Using the records below, transcribe word for word the stretch from the line that contains "The Pacome Dadiet" through the line that contains "西江千户苗寨是目前最大的苗寨", both end lines included, and nothing else.

START Input for this task

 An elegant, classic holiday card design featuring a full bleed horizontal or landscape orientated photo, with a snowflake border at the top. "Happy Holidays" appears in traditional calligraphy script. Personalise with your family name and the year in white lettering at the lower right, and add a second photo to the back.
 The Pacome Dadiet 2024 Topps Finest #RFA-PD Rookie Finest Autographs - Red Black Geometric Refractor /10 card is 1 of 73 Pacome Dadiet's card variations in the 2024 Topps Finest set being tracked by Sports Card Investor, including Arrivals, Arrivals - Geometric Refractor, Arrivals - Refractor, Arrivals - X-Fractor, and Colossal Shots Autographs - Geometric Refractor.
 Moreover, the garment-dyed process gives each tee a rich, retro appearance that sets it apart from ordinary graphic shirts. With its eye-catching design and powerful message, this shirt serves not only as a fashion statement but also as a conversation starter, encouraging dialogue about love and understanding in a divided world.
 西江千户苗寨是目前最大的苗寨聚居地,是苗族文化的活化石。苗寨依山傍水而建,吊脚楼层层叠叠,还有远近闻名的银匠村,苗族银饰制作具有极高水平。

END Input for this task
START Input for this task

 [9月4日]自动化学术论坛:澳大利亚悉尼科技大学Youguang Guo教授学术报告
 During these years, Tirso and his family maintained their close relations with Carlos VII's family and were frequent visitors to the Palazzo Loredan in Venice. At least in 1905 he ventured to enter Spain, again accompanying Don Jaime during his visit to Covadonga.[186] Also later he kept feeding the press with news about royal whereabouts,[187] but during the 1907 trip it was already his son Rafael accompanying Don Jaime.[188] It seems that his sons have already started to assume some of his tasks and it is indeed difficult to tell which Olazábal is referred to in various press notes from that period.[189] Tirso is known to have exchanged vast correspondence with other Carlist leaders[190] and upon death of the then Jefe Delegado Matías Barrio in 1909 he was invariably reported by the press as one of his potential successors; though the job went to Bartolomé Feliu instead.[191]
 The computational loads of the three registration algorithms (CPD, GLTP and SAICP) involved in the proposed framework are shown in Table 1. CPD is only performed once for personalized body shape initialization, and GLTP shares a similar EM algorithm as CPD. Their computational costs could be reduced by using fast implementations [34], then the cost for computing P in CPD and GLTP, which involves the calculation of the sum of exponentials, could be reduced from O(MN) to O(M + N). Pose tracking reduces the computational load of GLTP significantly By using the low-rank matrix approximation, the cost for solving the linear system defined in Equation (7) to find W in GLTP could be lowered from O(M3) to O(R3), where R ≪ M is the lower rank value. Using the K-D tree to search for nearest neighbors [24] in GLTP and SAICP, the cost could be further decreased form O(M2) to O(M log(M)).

END Input for this task
START Input for this task

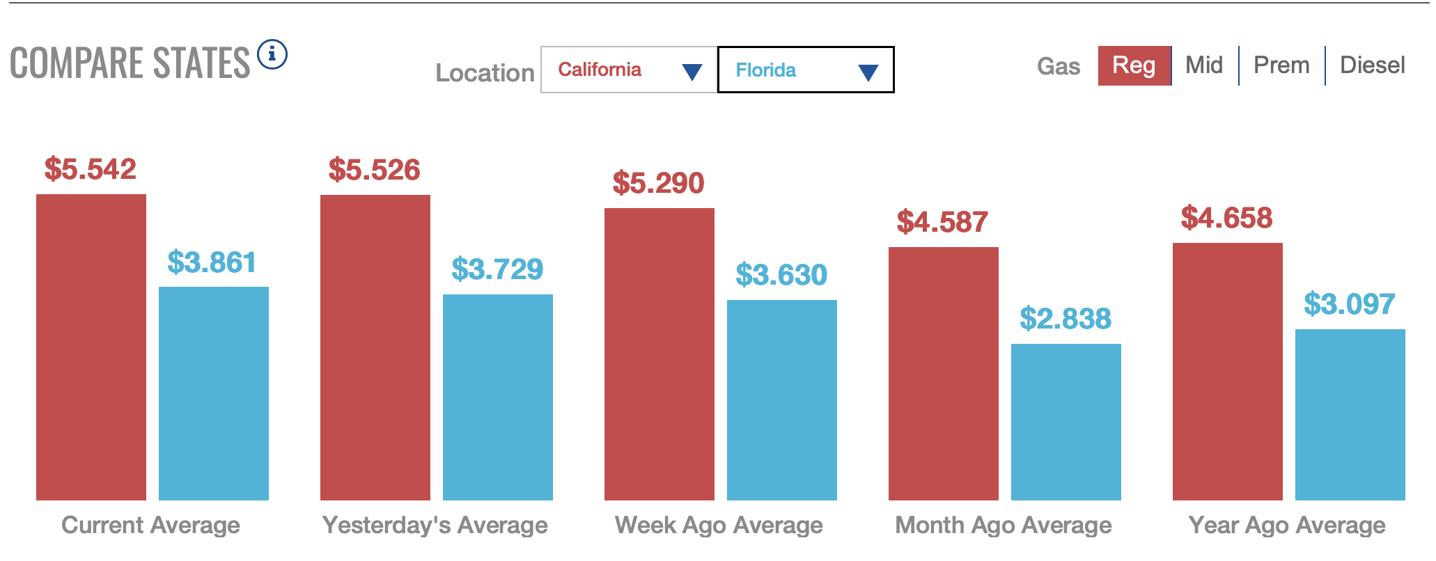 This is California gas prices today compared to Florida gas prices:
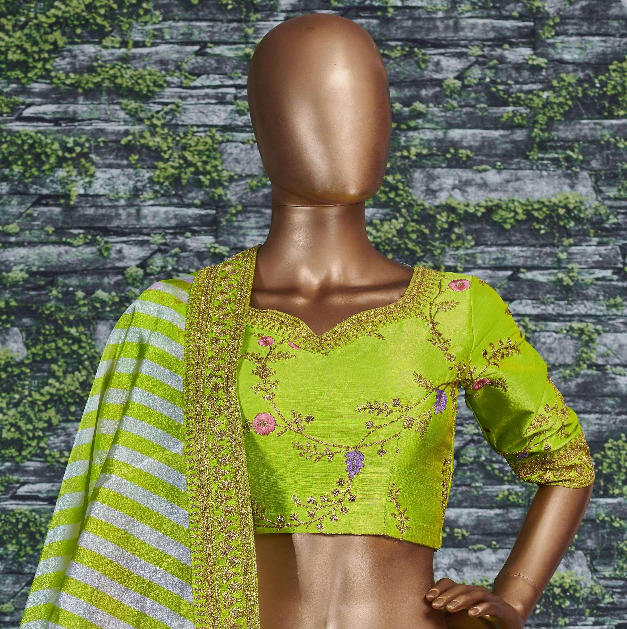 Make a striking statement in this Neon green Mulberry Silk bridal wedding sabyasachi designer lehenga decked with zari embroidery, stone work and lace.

END Input for this task

*Answer to the problem*.
 The Pacome Dadiet 2024 Topps Finest #RFA-PD Rookie Finest Autographs - Red Black Geometric Refractor /10 card is 1 of 73 Pacome Dadiet's card variations in the 2024 Topps Finest set being tracked by Sports Card Investor, including Arrivals, Arrivals - Geometric Refractor, Arrivals - Refractor, Arrivals - X-Fractor, and Colossal Shots Autographs - Geometric Refractor.
 Moreover, the garment-dyed process gives each tee a rich, retro appearance that sets it apart from ordinary graphic shirts. With its eye-catching design and powerful message, this shirt serves not only as a fashion statement but also as a conversation starter, encouraging dialogue about love and understanding in a divided world.
 西江千户苗寨是目前最大的苗寨聚居地,是苗族文化的活化石。苗寨依山傍水而建,吊脚楼层层叠叠,还有远近闻名的银匠村,苗族银饰制作具有极高水平。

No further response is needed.